I was reflecting overnight and thought I’d put together a few words summarising what has been achieved so far in 2024.
MHRA review and changes.
European review in progress.
Record number of ADRs not just in the UK but across the Globe
The publication of a number of news stories with more in transit.
A slot on a BBC daytime show scheduled
The launch of sidefxhub and UK based charity.
The announcement of Melcangi studies with funding initiatives.
PFSN study progress and continued funding.
Sidefxhub key initiatives in the pipeline.
The growth of Morale Medicine videos.
Collaboration across communities.
I’m sure I’ve missed some items, but there’s a lot to be positive about when reflecting on 2024. It has been one of, if not the most productive year’s to date.
None of this would have been possible without sufferers stepping forward and doing what they could, not only for themselves but for the wider community.
I’d like to say a special thank you to those at home and abroad who have given up so much of their own time. I’ll not name them as we know who they are.
I believe 2025 will be an even better year as we continue to increase awareness, push for acknowledgement of the full array of devastating symptoms, and hopefully accelerate timelines towards finding a treatment.
The little things you can do that mostly cost nothing are: -
Report every symptom separately to the regulatory authorities. One submission per symptom. It takes 5 minutes. This is very important.
Approach Morale medicine to be interviewed. Site views are growing by the day. Each video helps. It can be liberating, losing the cloak of shame that the wider lack of validation brings.
Get involved in some of the tasks. Being part of the movement can bring a feeling of value/purpose and reward. Another trait we’ve been robbed of. There’s no added pressure when helping in this arena.
If you can afford it, consider donating to Melcangi. Every little helps. Remember, for every UK based donation, the government gives a further 25%… Having the potential biomarker for this condition could prove huge. Every penny counts. The Foundation provides regular updates.
All studies should be supported.
Don’t let the system/institution be the excuse for inaction.

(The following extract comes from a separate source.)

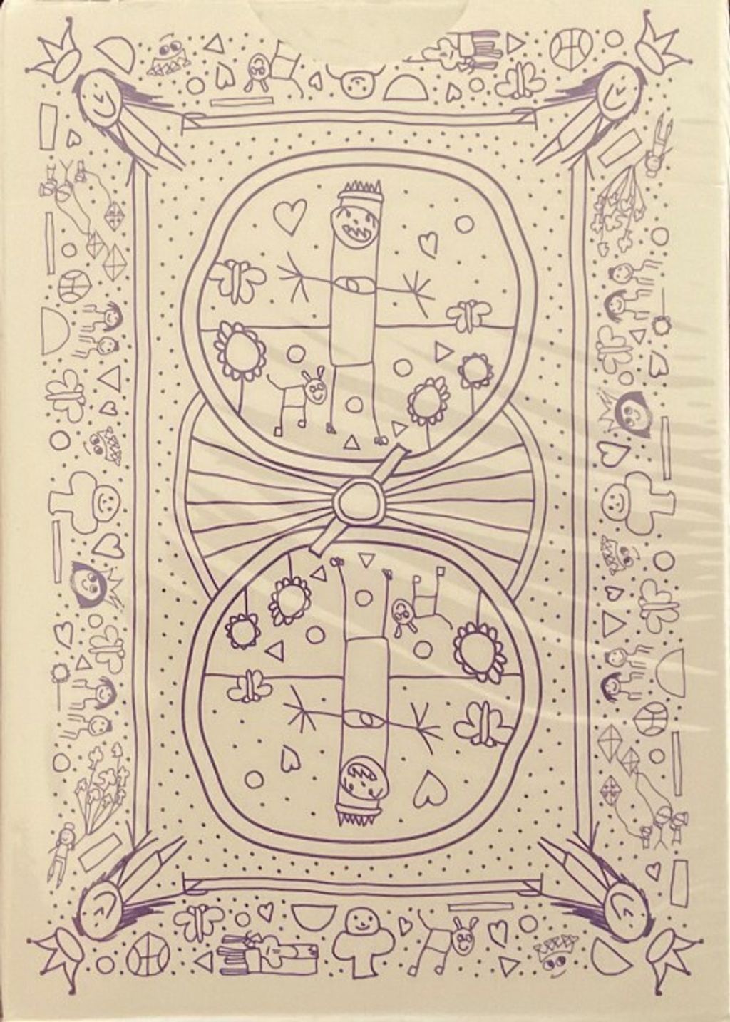 The deck maintains its hand-drawn aesthetic while remaining functional. The back design takes inspiration from Bicycle Rider Back Cards. Giving the iconic design a playful twist, it makes for a familiar yet original look that is sure to stand out. Every single element was taken directly from the drawings. Be sure to check out all the fun details! The tuck box is a collage of illustrations from different drawings. A colorful front design is accompanied by sides colored in yellow, green, blue, purple, and pink.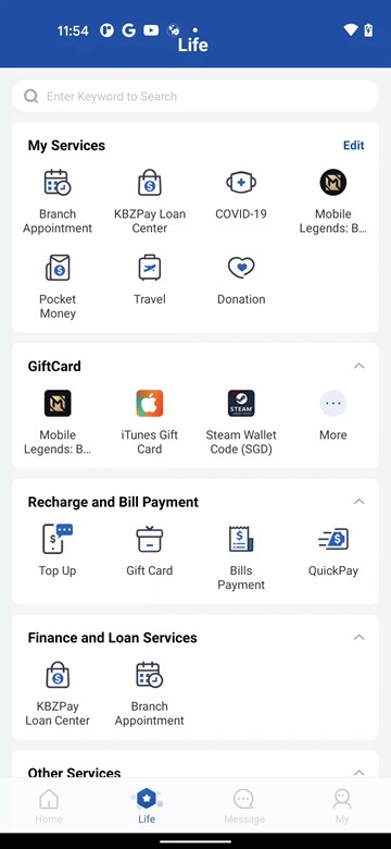多样化的功能:除了基础的支付转账功能外,KBZPay还创新性地推出了个人信贷、数字保险、慈善捐赠等增值服务。用户可享受"先消费后付款"的分期服务,购买热门娱乐平台的礼品卡,还能一站式缴纳各类生活账单。

Never give up.It’s been the greatest weakness of this community for years. If we all try to do something, we will prevail.
Inaction = no change
Action = change.
On a heartfelt note, I appreciate as much as anyone how difficult Christmas is for us. It’s a huge reminder of the loss of basic human emotions such as intimacy, warmth, and love. This time of year, exasperates our symptoms.
Remember, none of this is your fault. Stand tall and try to be kind to yourself. You should be proud of making it through another year while battling this unrelenting, unrecognised condition.
Too many lives have been lost. No matter how difficult know that your presence is still of value to the world.
We all want to be around when this is recognised as one of the biggest scandals there’s ever been.
Kindest
Laz
for those of us who keep declining with worse and worse symptoms year after year we need a little hope for sure!